【熊本】県道熊本高森線の4車線化工事が完了 益城町で
熊本地震で未曽有の被害を受けた熊本県益城町で、創造的復興事業として県が進めてきた県道熊本高森線の4車線化工事が完了し、3月20日、全線(約3.8キロ)が開通した。木村敬知事は被災から4月で10年となることを踏まえ、「大きな節目の年に供用開始を迎えられて心よりうれしい」と喜んだ。
熊本地震から10年 「県全体の発展に」
4車線化された区間は、熊本市東区と同町をつなぐ片側1車線で、幅は約10メートルと狭く、朝夕には交通渋滞が発生。熊本地震では沿道の建物が倒れて道路をふさぎ、緊急車両の通行を妨げた。県は防災機能を強化しようと、総事業費約269億円で2019年に道路拡幅工事に着手。幅は27メートルに広げ、整備を終えた同市側から利用を始め、同町の惣領―寺迫交差点(約2.2キロ)が未開通だった。
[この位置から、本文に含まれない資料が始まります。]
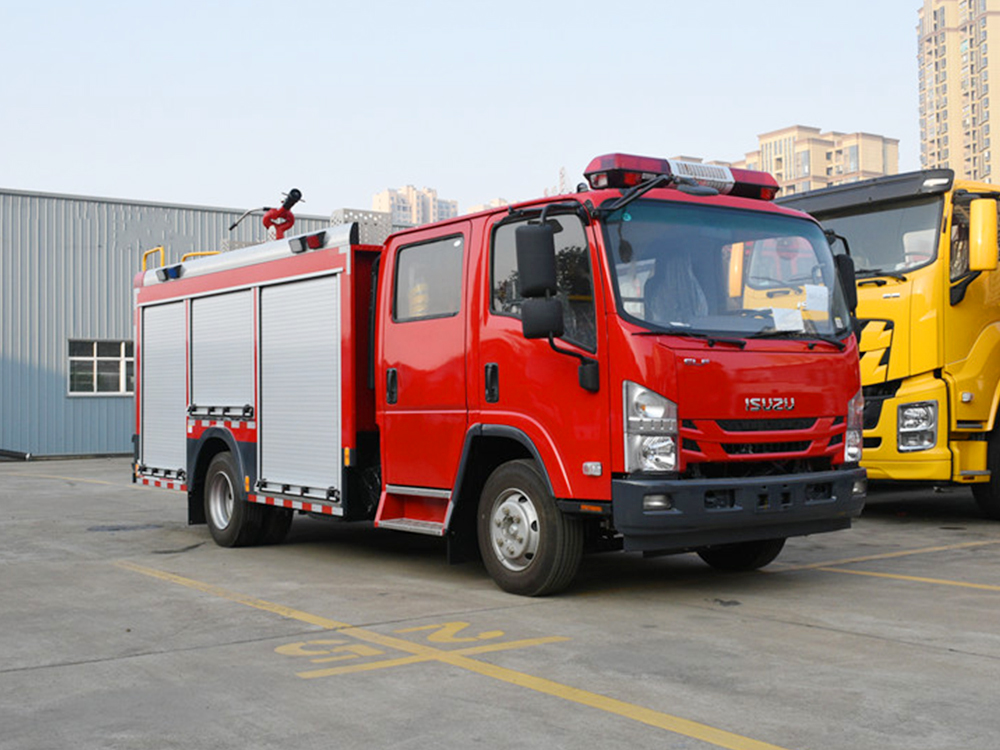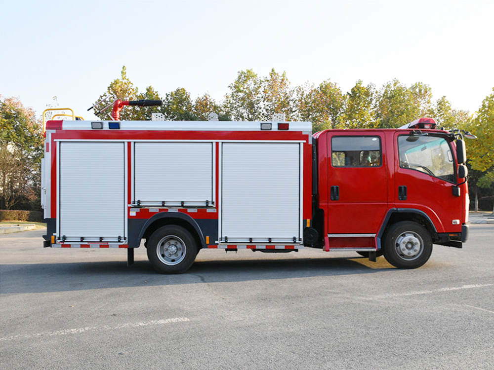 消防泵在箱体中间或者后置,泵房左右两侧4个出水口、器材箱左右后侧均有新款易拉高强度铝合金卷帘门。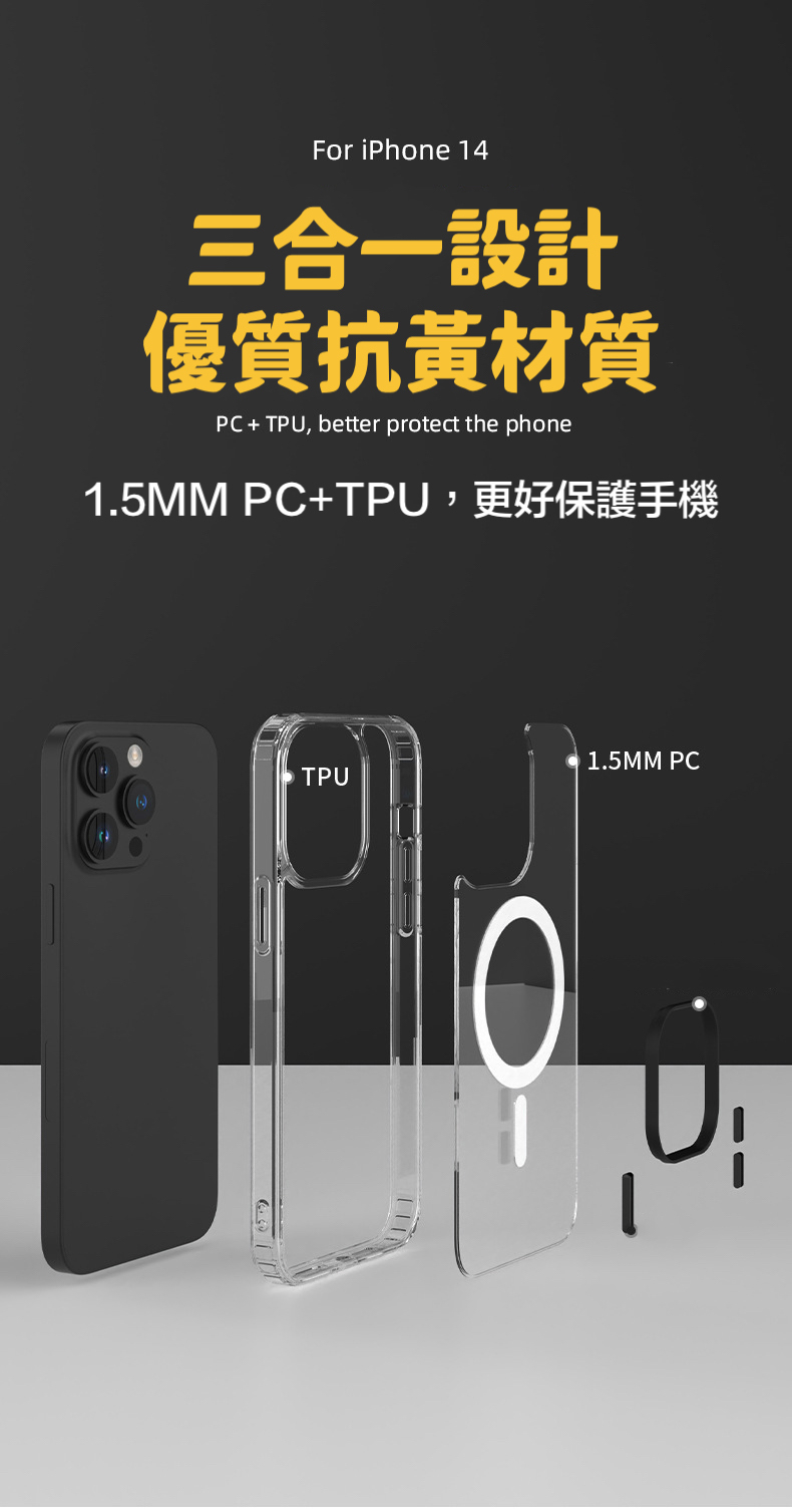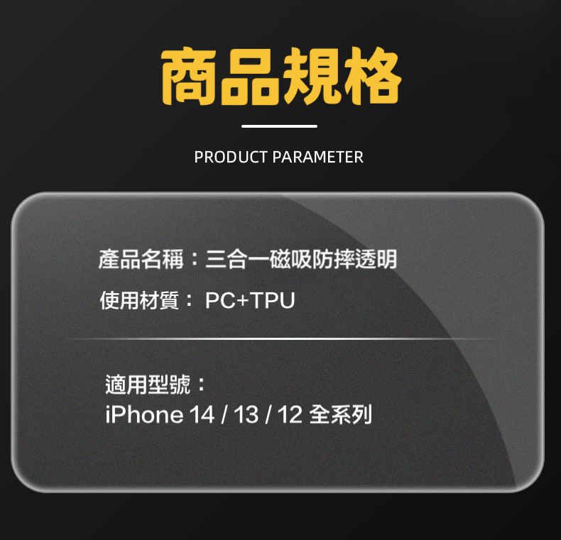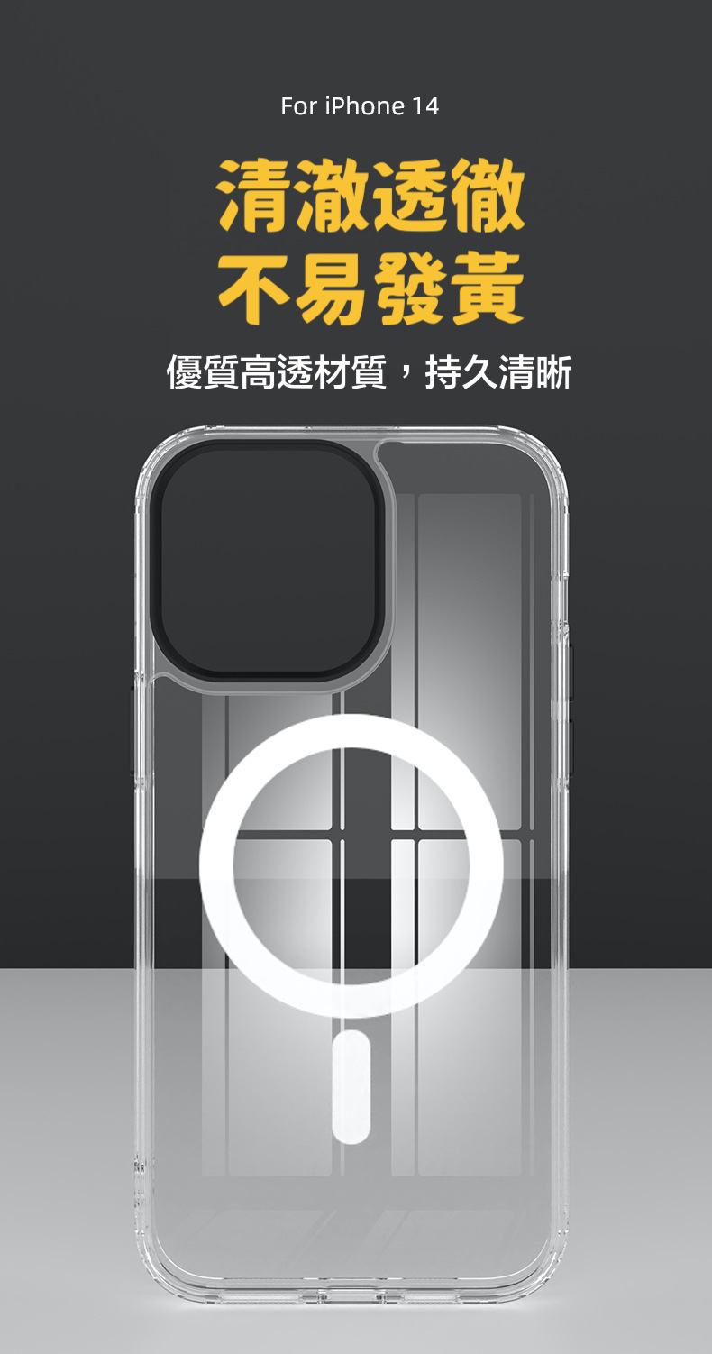 三合一磁吸黑圈透明防摔殼 iPhone 14系列/13系列/12系列

惣領交差点でこの日午前、式典が行われ、木村知事や西村博則町長らが車道をふさいだバーを撤去。町立広安小の児童たちが「がんばろう益城 これからも未来へ」とのメッセージを掲げ、パトカーの先導で車道の通行が始まった。西村町長は取材に対し、「益城だけでなく、県全体の発展につなげたい」と語った。
午後から町総合体育館で行われた開通式には約300人が参加し、関係者らがくす玉を割って祝った。同町の会社員(45)は被災当時、車の走行が難しいエリアもあったことを振り返り、「(全線開通まで)あっという間だった。益城のことを考えてもらえてありがたい」と話した。